(WHAT IS EXPECTED) When you reach the line with "YouTube ad revenue", transcribe it and each line after it through the last one below, exactly. Pictures stay out.

(DATA RECORDS)
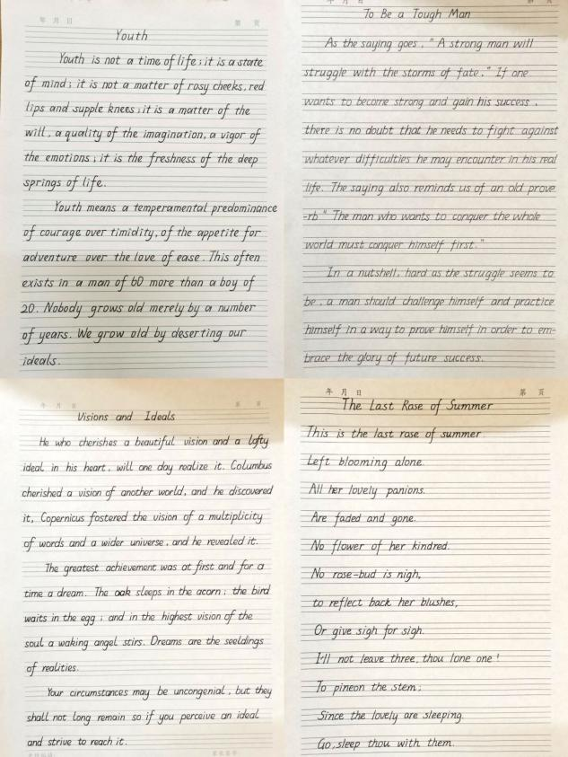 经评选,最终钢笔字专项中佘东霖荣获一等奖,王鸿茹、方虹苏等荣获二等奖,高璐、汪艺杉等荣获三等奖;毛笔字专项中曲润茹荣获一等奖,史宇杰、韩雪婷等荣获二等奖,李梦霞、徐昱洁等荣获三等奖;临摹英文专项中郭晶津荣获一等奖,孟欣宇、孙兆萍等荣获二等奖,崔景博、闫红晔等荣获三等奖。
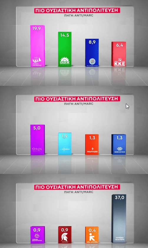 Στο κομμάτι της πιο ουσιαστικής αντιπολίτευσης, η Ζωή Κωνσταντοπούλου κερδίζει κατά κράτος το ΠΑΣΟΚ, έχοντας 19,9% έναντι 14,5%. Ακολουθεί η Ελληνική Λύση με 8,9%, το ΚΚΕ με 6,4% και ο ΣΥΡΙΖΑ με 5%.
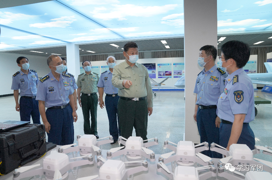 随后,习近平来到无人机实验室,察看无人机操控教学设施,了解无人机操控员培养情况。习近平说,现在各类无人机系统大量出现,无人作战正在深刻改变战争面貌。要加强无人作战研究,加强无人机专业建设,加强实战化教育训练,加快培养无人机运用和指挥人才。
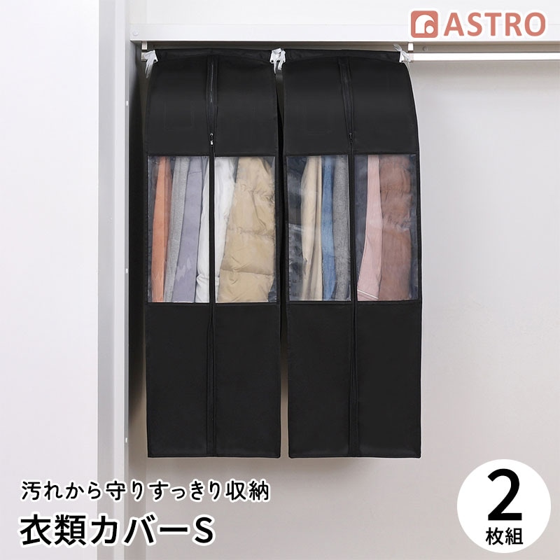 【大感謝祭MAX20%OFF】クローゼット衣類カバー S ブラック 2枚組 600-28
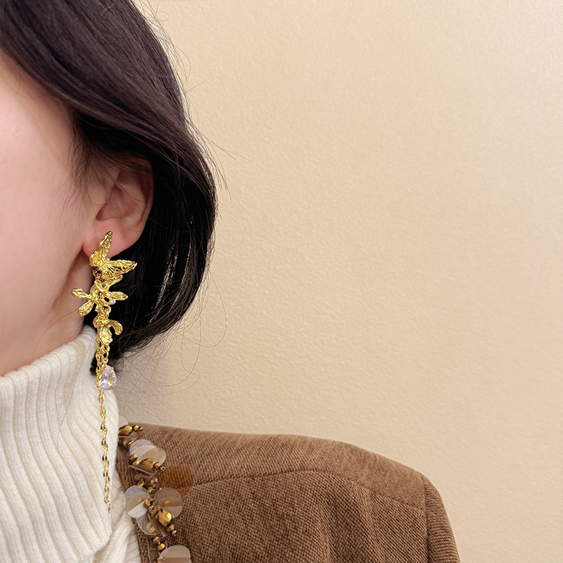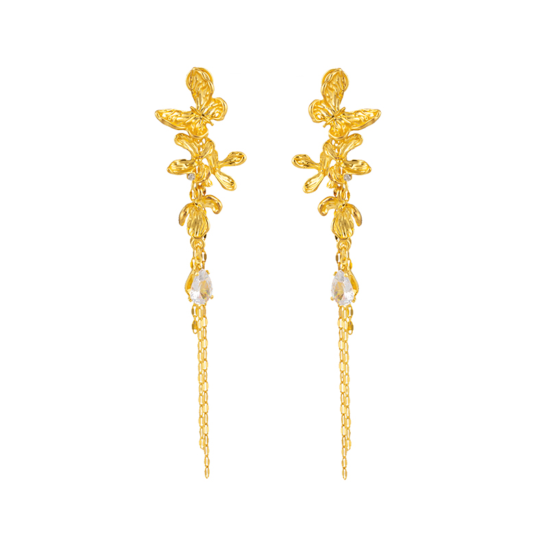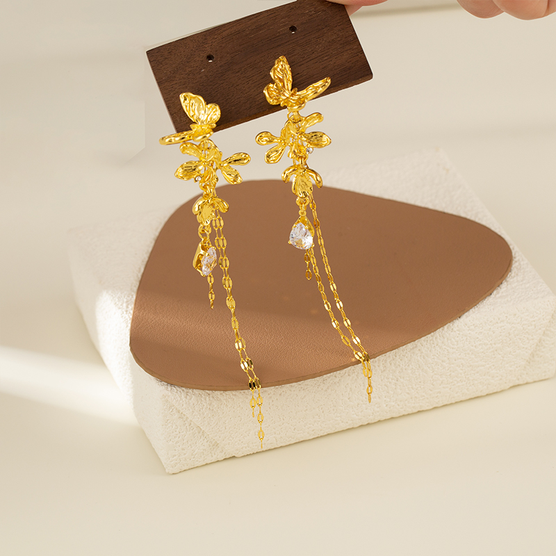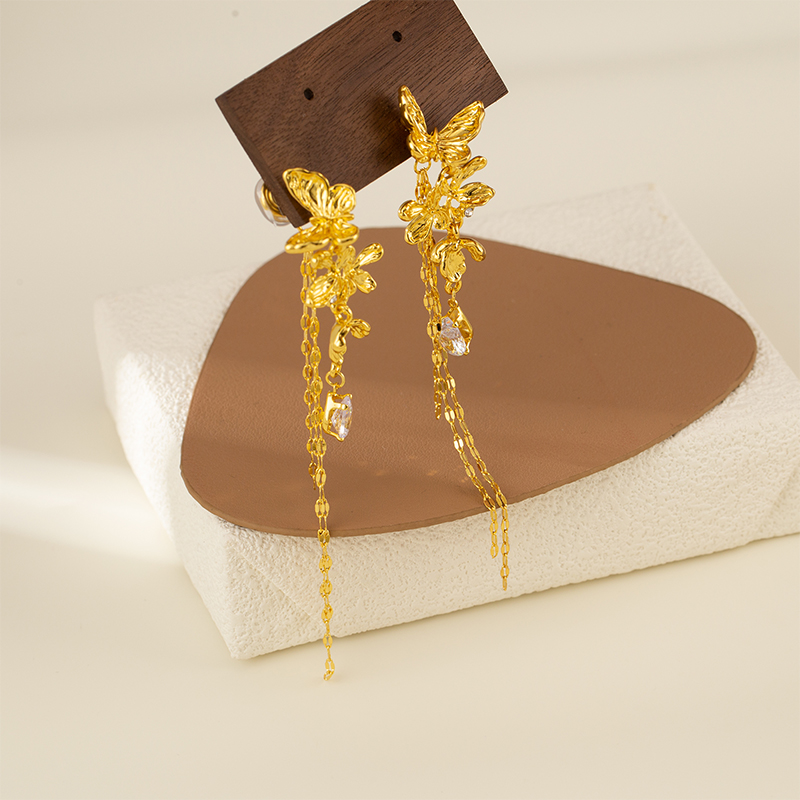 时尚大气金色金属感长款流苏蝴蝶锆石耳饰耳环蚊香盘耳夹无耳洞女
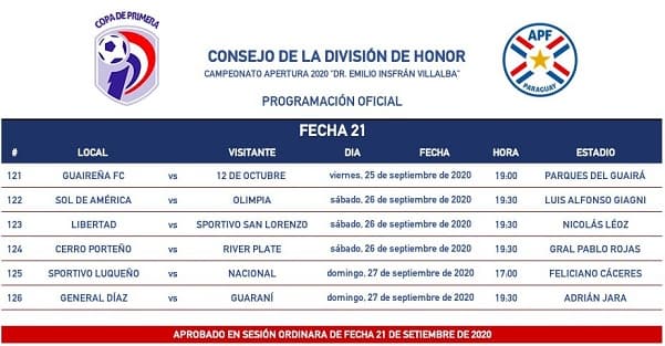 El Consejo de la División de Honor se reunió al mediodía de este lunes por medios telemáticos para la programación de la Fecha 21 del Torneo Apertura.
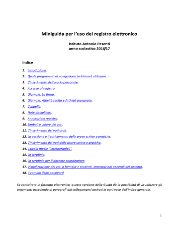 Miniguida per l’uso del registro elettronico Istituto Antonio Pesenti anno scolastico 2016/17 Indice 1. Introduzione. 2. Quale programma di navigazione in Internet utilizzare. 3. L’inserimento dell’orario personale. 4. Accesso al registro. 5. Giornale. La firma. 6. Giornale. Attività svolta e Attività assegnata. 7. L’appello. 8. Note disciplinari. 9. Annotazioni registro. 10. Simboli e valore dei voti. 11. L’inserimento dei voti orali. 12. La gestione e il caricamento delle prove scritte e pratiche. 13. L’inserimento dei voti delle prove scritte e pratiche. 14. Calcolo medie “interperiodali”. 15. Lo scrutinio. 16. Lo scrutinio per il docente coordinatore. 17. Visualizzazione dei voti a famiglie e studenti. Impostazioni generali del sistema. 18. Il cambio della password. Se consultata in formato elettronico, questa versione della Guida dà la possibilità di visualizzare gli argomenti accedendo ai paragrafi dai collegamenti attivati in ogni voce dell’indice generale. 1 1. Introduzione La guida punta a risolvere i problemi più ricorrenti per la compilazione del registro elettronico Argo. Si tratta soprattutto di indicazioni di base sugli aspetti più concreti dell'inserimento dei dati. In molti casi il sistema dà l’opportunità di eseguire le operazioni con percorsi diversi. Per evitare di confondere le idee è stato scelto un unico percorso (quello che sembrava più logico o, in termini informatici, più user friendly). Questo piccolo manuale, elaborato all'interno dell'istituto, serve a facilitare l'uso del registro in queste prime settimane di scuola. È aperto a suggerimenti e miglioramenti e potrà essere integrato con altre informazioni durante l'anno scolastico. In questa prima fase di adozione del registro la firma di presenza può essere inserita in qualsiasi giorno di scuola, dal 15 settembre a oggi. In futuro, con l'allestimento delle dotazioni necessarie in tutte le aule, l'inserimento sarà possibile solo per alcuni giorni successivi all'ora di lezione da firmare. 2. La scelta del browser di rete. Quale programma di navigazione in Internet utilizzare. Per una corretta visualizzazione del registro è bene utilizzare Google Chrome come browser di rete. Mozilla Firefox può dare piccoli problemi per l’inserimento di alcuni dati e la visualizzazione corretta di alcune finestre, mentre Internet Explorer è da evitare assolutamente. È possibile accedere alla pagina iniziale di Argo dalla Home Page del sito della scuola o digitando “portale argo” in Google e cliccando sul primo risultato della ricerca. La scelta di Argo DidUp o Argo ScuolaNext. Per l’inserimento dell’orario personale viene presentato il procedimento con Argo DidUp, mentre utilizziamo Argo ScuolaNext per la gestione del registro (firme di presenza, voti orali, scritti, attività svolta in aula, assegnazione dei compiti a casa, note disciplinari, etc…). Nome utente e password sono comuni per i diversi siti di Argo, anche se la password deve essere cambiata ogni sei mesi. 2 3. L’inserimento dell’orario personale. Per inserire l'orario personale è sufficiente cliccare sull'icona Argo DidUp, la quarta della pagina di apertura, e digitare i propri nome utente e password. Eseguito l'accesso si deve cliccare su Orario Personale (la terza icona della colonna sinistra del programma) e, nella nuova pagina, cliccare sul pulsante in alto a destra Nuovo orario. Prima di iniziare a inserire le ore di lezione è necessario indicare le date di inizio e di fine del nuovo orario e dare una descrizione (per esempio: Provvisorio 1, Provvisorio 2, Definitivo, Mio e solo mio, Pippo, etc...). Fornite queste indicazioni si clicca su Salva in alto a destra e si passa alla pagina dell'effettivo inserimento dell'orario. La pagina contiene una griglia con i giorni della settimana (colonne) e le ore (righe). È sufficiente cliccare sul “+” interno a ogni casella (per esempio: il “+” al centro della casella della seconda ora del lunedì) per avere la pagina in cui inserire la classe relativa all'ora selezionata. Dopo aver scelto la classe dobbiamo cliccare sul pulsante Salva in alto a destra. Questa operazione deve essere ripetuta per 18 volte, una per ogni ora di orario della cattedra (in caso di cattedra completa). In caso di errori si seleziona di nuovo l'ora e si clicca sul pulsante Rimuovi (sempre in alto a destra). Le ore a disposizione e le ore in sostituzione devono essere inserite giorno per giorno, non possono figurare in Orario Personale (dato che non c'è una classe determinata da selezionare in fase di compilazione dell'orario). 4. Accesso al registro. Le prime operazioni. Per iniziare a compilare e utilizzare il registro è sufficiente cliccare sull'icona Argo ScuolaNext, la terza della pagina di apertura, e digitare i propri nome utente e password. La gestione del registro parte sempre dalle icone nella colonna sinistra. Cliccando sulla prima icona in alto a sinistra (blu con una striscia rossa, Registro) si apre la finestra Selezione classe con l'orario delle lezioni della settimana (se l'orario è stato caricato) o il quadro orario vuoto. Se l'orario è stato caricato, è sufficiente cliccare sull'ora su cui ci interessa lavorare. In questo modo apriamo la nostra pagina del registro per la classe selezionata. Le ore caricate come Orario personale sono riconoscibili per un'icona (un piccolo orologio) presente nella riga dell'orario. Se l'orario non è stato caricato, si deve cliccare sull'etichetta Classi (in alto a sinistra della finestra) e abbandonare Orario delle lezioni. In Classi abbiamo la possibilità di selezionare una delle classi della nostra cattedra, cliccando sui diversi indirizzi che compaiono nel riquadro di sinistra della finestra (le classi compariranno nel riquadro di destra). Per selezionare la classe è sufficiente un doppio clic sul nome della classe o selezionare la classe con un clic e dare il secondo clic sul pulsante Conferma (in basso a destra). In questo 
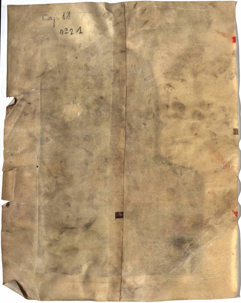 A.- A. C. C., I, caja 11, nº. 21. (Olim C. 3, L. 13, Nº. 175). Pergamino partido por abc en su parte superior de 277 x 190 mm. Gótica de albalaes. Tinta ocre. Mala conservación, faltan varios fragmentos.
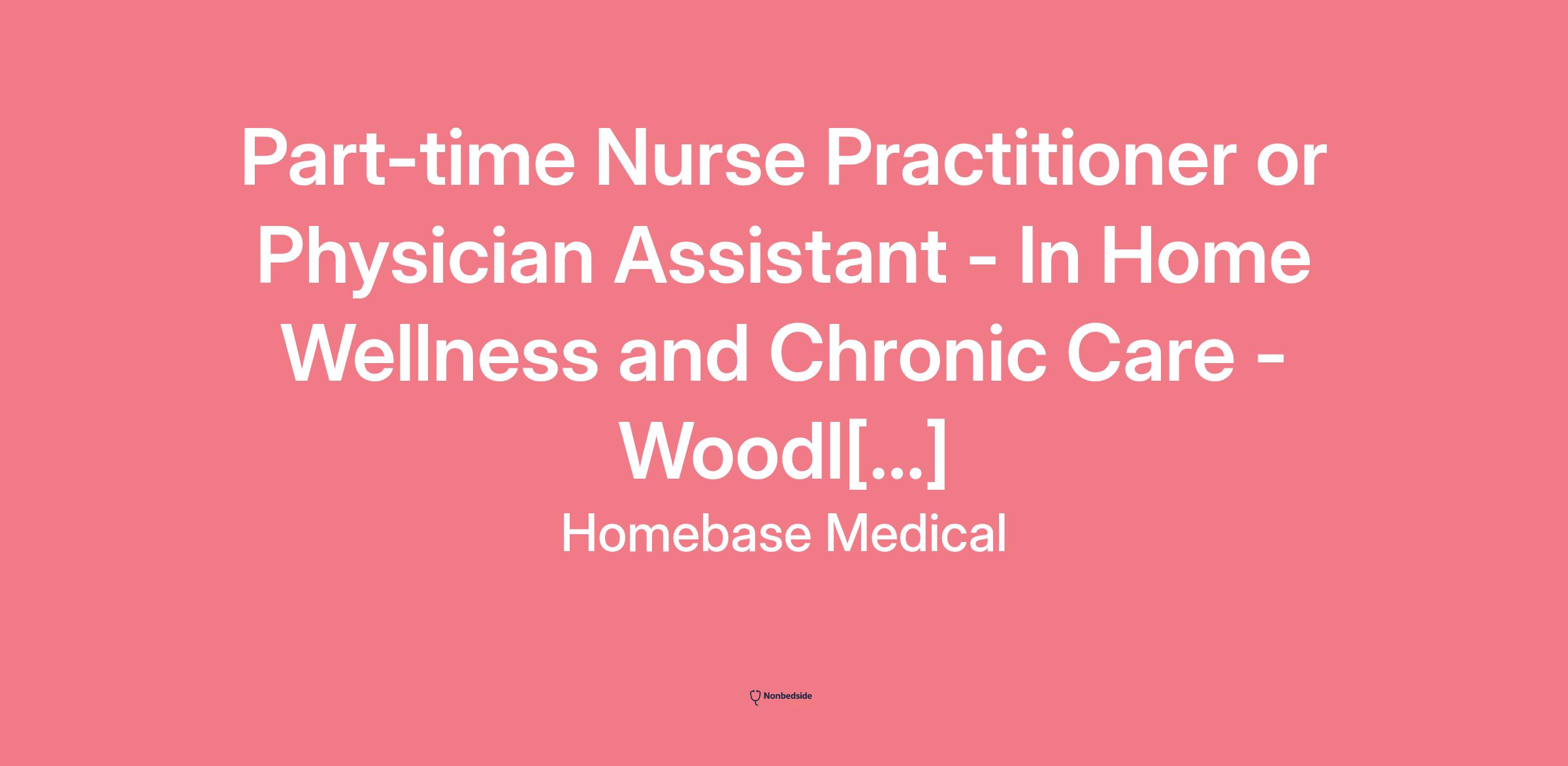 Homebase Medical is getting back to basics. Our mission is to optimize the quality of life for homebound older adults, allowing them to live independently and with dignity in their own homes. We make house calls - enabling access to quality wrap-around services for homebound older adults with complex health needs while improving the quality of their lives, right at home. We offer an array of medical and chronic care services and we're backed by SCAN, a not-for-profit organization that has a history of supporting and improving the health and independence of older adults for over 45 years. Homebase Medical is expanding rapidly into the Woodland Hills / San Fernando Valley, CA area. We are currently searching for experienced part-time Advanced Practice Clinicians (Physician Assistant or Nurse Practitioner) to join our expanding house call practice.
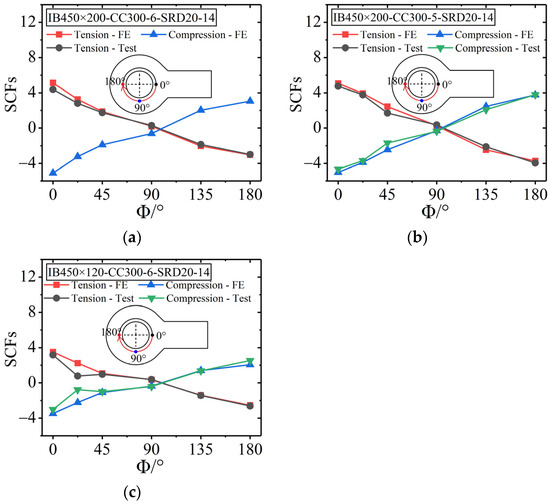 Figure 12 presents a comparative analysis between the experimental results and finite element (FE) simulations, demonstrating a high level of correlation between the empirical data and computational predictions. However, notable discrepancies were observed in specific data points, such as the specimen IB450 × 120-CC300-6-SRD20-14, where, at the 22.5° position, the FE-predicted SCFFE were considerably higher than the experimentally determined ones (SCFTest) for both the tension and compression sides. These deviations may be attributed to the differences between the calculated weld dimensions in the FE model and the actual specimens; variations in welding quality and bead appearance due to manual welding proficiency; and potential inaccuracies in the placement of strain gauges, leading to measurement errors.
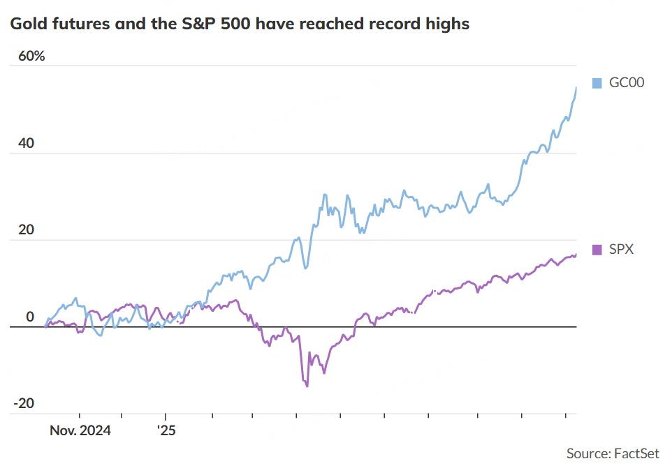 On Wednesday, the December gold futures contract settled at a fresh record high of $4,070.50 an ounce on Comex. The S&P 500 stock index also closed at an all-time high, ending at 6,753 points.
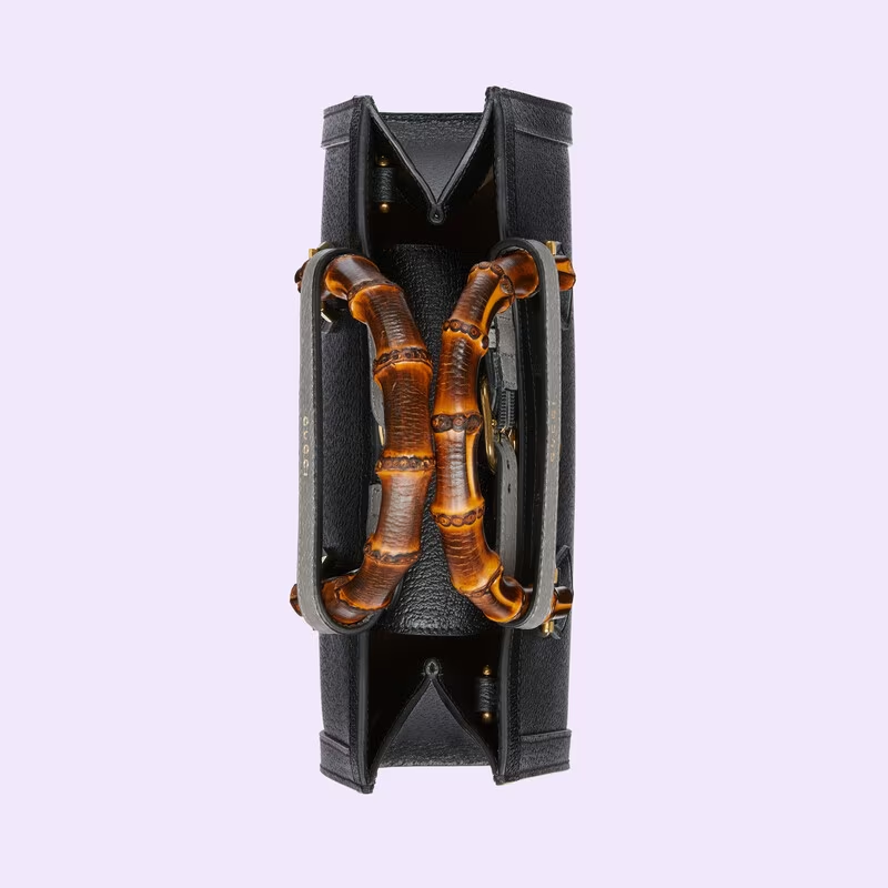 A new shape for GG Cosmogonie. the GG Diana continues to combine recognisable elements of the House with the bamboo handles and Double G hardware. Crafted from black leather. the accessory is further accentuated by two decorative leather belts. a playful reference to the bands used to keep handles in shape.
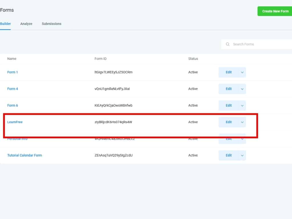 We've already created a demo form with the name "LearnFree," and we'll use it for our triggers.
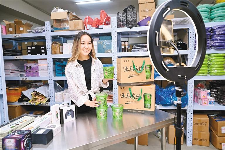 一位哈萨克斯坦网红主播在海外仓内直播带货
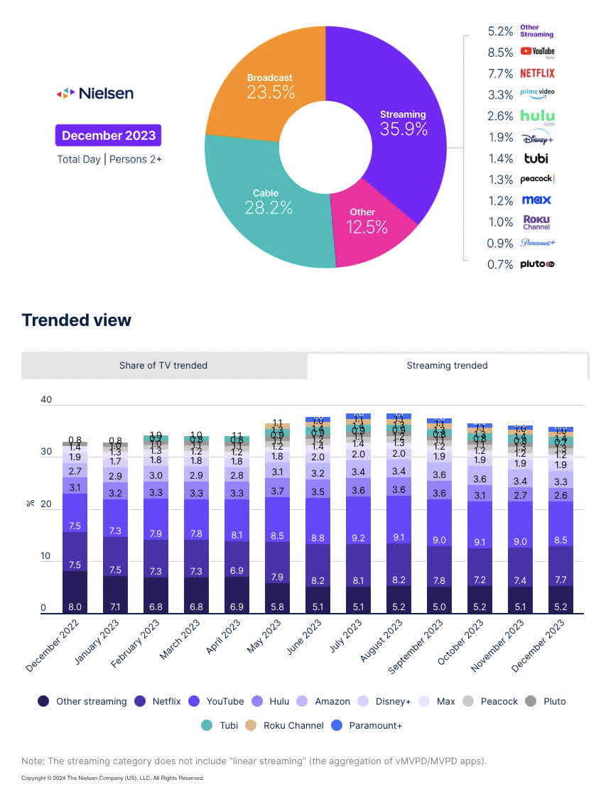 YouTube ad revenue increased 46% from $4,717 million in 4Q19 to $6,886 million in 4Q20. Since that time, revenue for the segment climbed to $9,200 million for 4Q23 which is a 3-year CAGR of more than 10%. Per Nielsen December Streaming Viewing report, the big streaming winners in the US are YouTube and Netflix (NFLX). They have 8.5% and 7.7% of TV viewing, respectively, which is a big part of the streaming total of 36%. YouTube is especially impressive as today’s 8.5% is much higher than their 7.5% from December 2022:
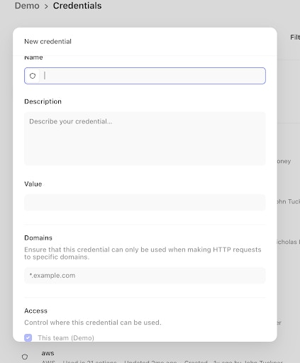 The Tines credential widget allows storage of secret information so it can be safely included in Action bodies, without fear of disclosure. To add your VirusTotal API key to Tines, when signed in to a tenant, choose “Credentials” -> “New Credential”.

(RESPONSE BELOW)
 YouTube ad revenue increased 46% from $4,717 million in 4Q19 to $6,886 million in 4Q20. Since that time, revenue for the segment climbed to $9,200 million for 4Q23 which is a 3-year CAGR of more than 10%. Per Nielsen December Streaming Viewing report, the big streaming winners in the US are YouTube and Netflix (NFLX). They have 8.5% and 7.7% of TV viewing, respectively, which is a big part of the streaming total of 36%. YouTube is especially impressive as today’s 8.5% is much higher than their 7.5% from December 2022:
 The Tines credential widget allows storage of secret information so it can be safely included in Action bodies, without fear of disclosure. To add your VirusTotal API key to Tines, when signed in to a tenant, choose “Credentials” -> “New Credential”.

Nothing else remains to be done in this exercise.